Sunday, January 09, 2005

Tsunami: terrifying magnificence


Tsunami by Katsushika Hokusai (1760-1849)


Tsunami by the Almighty (2005)

And here is a Hebrew prayer written in the wake of the disaster.

On January 2, in the Daily Telegraph, the Archbishop of Canterbury, Dr. Rowan Williams, is quoted as saying of the disaster: "This has made me question God's existence." Jonathan Rosenblum came down on him like a ton of bricks in the London Jewish Tribune.

"One presumes that some time before reaching the pinnacle of the Anglican Church, with 70 million members world wide, the learned Archbishop knew of natural disasters, and had wrestled with the questions of theodicy that they raise."
Or, in other words: That the idea of an omnipotent, benevolent God poses logical problems given the shape the world is in is nothing new, and Job discussed it 2500 years ago (and it was already an old story then). But a world without God also poses insuperable problems, like: how did we get here, how can we think, how can we know right from wrong,and how come every single culture believes in God?

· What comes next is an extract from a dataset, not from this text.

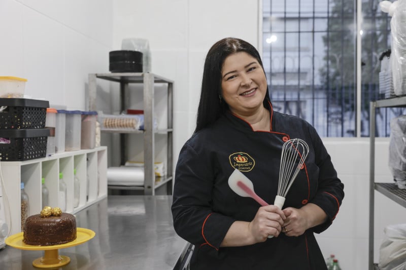 Uma história de sobrevivência. É assim que Priscilla Moraes Goulart Turski define a sua trajetória empreendedora. Desde 2020, ela comanda a Imperatriz Tortas na rua Alberto, nº 166, no bairro Rubem Berta.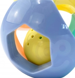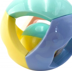 Kulatá konstrukce se snadno kutálí a motivuje miminko k pohybu. Otevíraná struktura pomáhá trénovat úchop a koordinaci oko–ruka.

On the other extreme, some Christian and Muslim clerics have been ascribing the disaster to Divine wrath. This is not the Jewish approach to disasters of this kind. As Rabbi Shmuley Boteach puts it in Don't call tsunami divine punishment:
" I do not know why God allows the murder of innocents, but I do know that it takes tsunami-sized hutzpa to claim to know the mind of God, and to claim that 150,000 people whom they never met were so sinful and evil that they merited extermination by drowning. The specter of Islamic and Christian clerics coming to the faithful in their greatest moment of sorrow and robbing them even of the dignity of victimhood is deeply troubling."
In an aside, and at the risk of appearing trite on a subject that certainly requires our most sober consideration: it does seem poignant that water, the source of all life upon our planet, can become such a terrible weapon against the beings whose lives depend upon it. There may be a lesson in that *.

(*) Please note that whenever I refer to a lesson learnt from a tragedy, I certainly do not mean it as an explanation of why the tragedy occured, but merely of what we can possibly learn from it now that it has occured.